> Provided data:
+---+
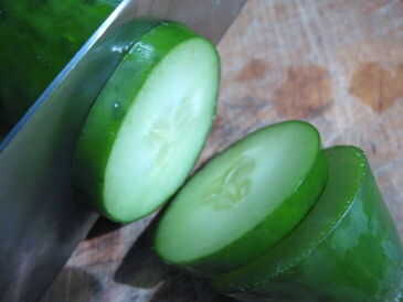 Cortar hasta cuatro cuartos de galón de pepinos medianos. No demasiado fina, sobre un cuarto pulgadas de espesor. He cortado los demasiado fina y, aunque eran buenos, se quedan mucho más crujientes cuando cortado grueso. También he utilizado realmente grandes pepinos, semillas, en rodajas y cortar en cuatro patas para las salmueras "final de la temporada".
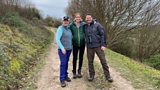 Steve Backshall and Helen Glover walk with Clare Balding on Winter Hill in Berkshire.
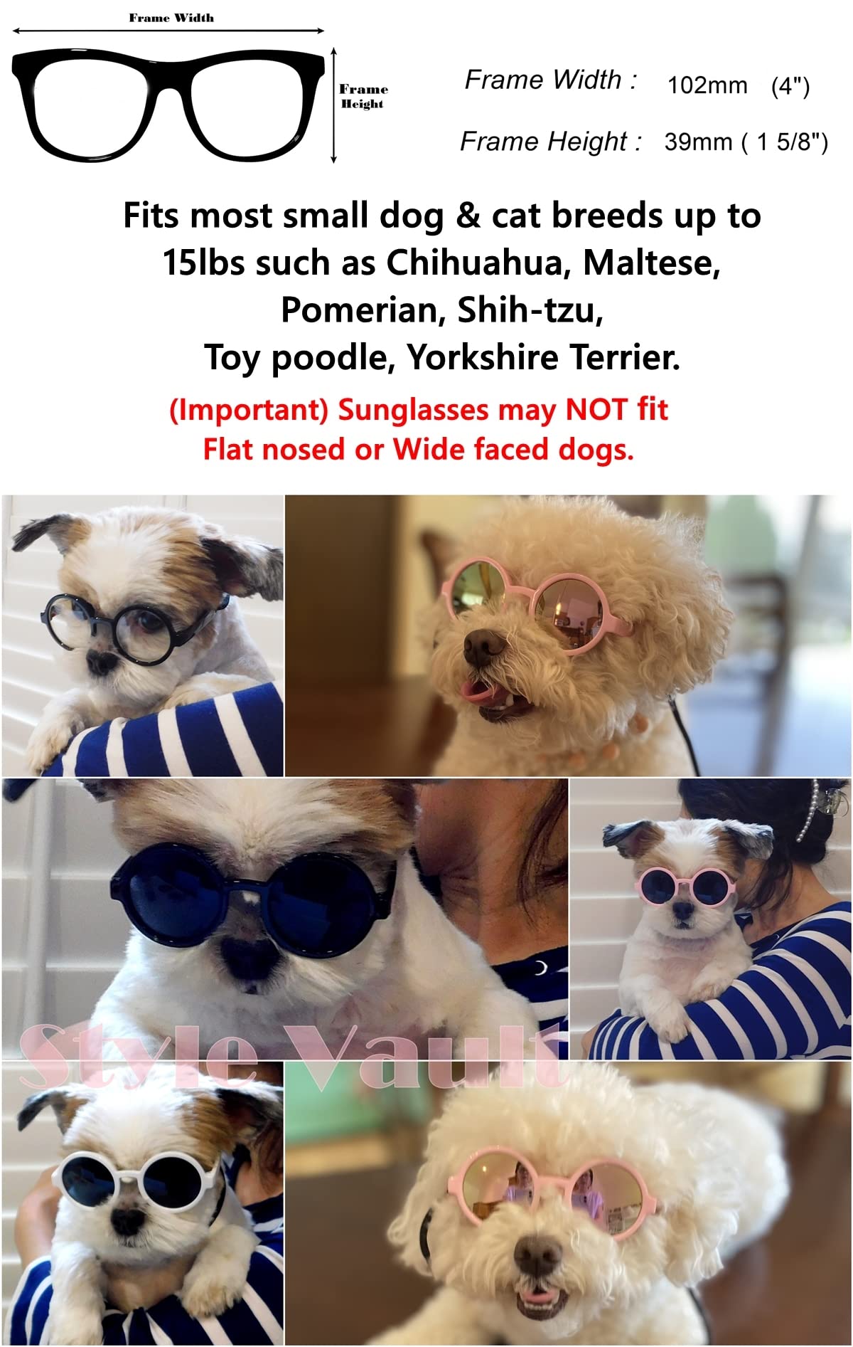 Fits most small dog breeds up to 15lbs such as Chihuahua Maltese Pomerian Shih-tzu Toy poodle Yorkshire Terrier. (Important) Sunglasses may NOT fit Flat nosed or Wide faced dogs. Fits small dogs and cats up to 15lbs (Teacup & Toy breeds)
+---+
> Aim of the exercise:
An exact transcription of the listing is required, and it must contain no pictures.

> Answer box:
 Cortar hasta cuatro cuartos de galón de pepinos medianos. No demasiado fina, sobre un cuarto pulgadas de espesor. He cortado los demasiado fina y, aunque eran buenos, se quedan mucho más crujientes cuando cortado grueso. También he utilizado realmente grandes pepinos, semillas, en rodajas y cortar en cuatro patas para las salmueras "final de la temporada".
 Steve Backshall and Helen Glover walk with Clare Balding on Winter Hill in Berkshire.
 Fits most small dog breeds up to 15lbs such as Chihuahua Maltese Pomerian Shih-tzu Toy poodle Yorkshire Terrier. (Important) Sunglasses may NOT fit Flat nosed or Wide faced dogs. Fits small dogs and cats up to 15lbs (Teacup & Toy breeds)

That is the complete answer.